- From: David Gerard <dgerard@gmail.com>
- Date: Mon, 13 Jul 2009 13:09:02 +0100
2009/7/13 Jeff Walden <jwalden+whatwg at mit.edu>: > On 12.7.09 23:20, Ian Hickson wrote: >> If people really want to push >> Apple into supporting Theora, the best way to do it would be to just keep >> using it as if it was the common codec, and _not_ provide another fallback >> for<video>-supporting UAs -- then things would work fine it non-<video>- >> supporting UAs like IE (through fallback flash support inside<video>), >> and would work fine in Theora-supporting UAs, but Safari would be left in >> the cold. > I'm fine doing this for myself: partly because it's pressure on Apple; > perhaps mostly because I choose to make embedding videos that I can watch > in-browser easy for myself, and because I don't particularly care if some > portions of my audience are unable to see such videos and also choose not to > download a browser that will display them ("fallback" content provides a > download link -- I haven't made the effort to handle Safari4-sans-XiphQT > yet, see supra). ?That said, my position will be uncommon, and I'm not > particularly interested in making use of <video> right now harder for those > who don't share it -- even if it comes at the expense of added pressure on > Apple.
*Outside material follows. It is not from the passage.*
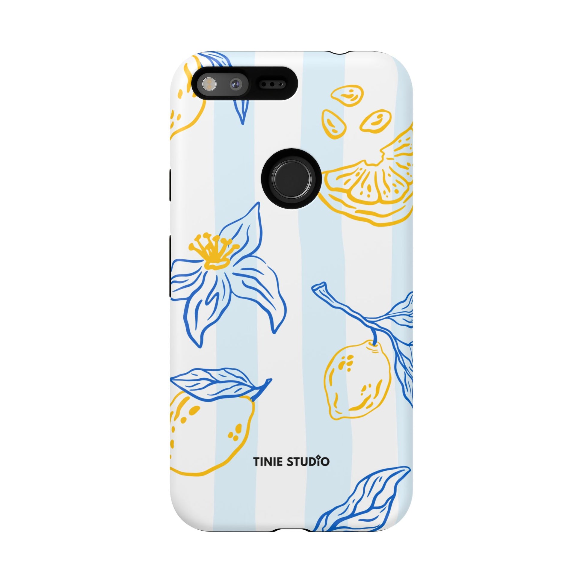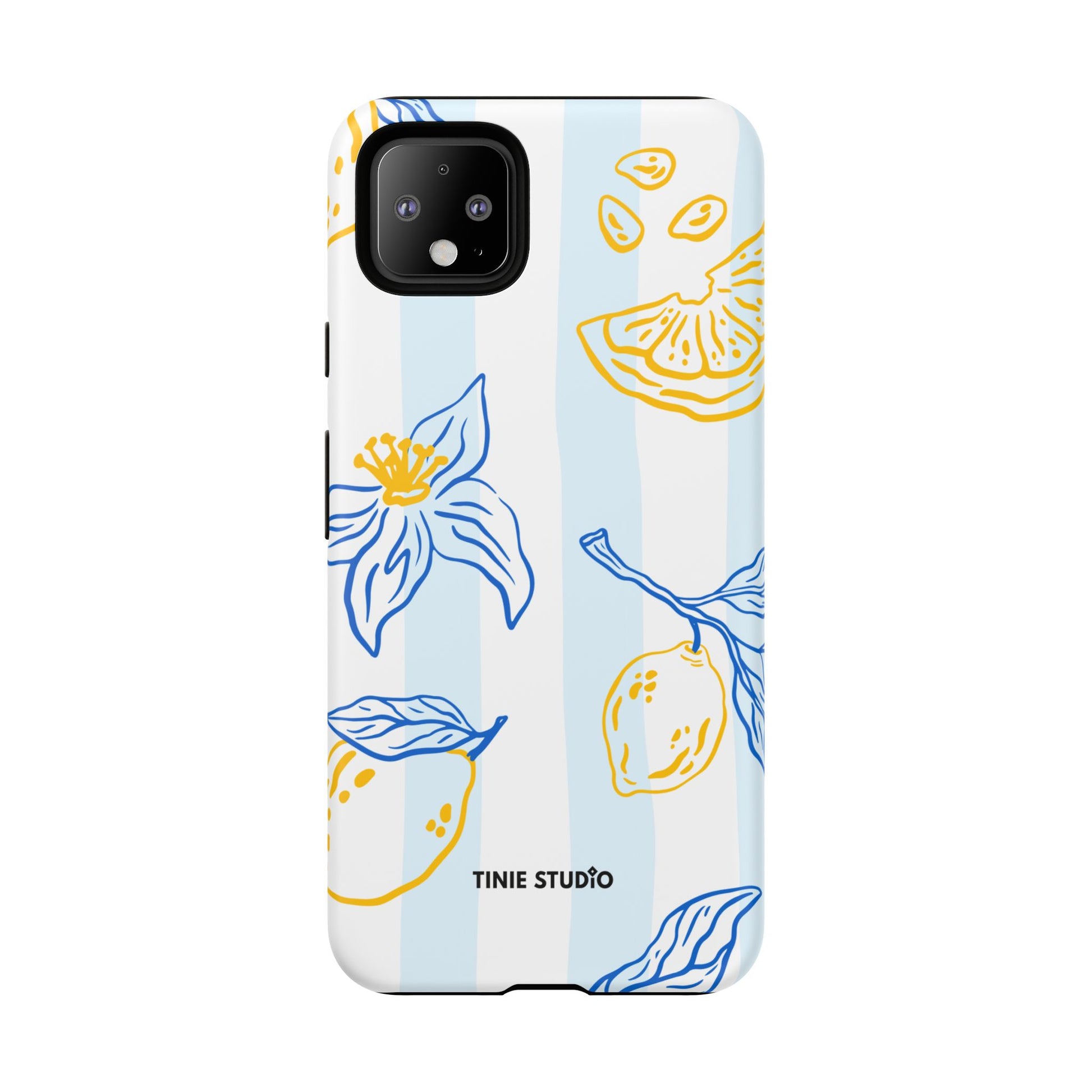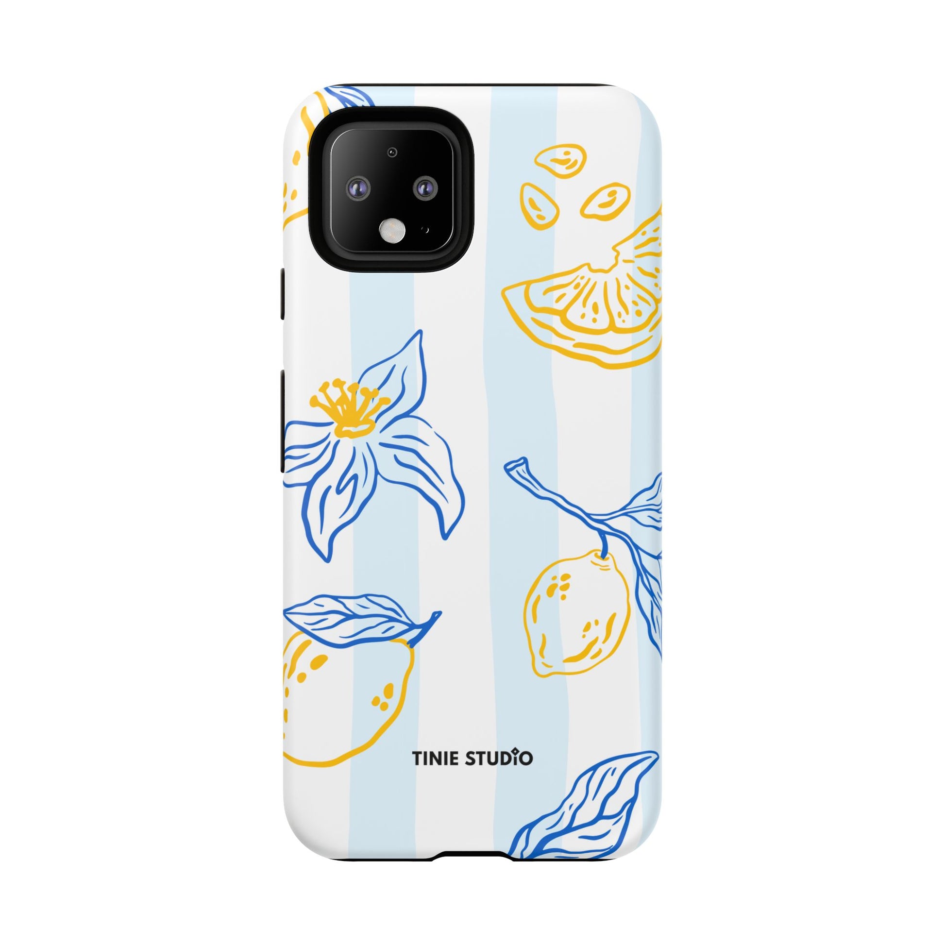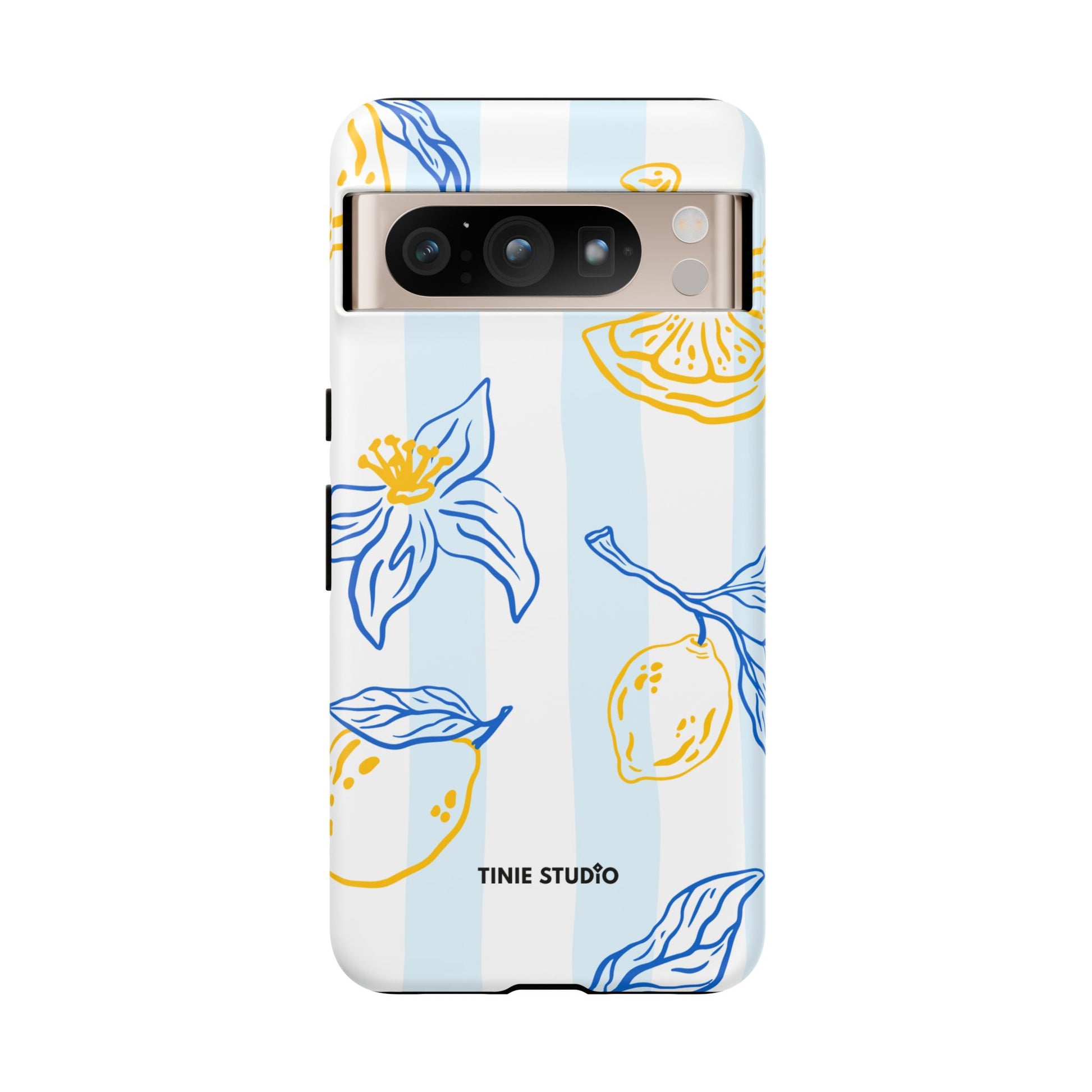 This design blends soft blue stripes with hand-drawn lemons, blossoms, and seeds in golden yellow and cobalt. It’s light, zesty, and breezy - like carrying a slice of summer with you wherever you go.

In Wikimedia's case, we do care about the user experience, *but* will only be using Theora for the foreseeable future - H.264 is not an option. So browsers with Theora in <video> should Just Work, browsers without <video> will get the Java player or an in-browser plugin (and a note suggesting a browser that does Theora in <video>) and Safari is a nuisance because it's the exception and it *might* work but it *might* not and we have to reliably detect whether it does. (Presumably Apple would be happier with us suggesting XiphQT rather than suggesting Firefox!) iPhone Safari users (does iPhone Safari support <video> yet?) are, unfortunately, out in the cold until someone writes a Wikimedia client app that does Theora for them. That won't be us unless a volunteer steps up. Other phone users are likely out in the cold too (I don't know of any phones that support arbitrary Java applets in the browser). - d.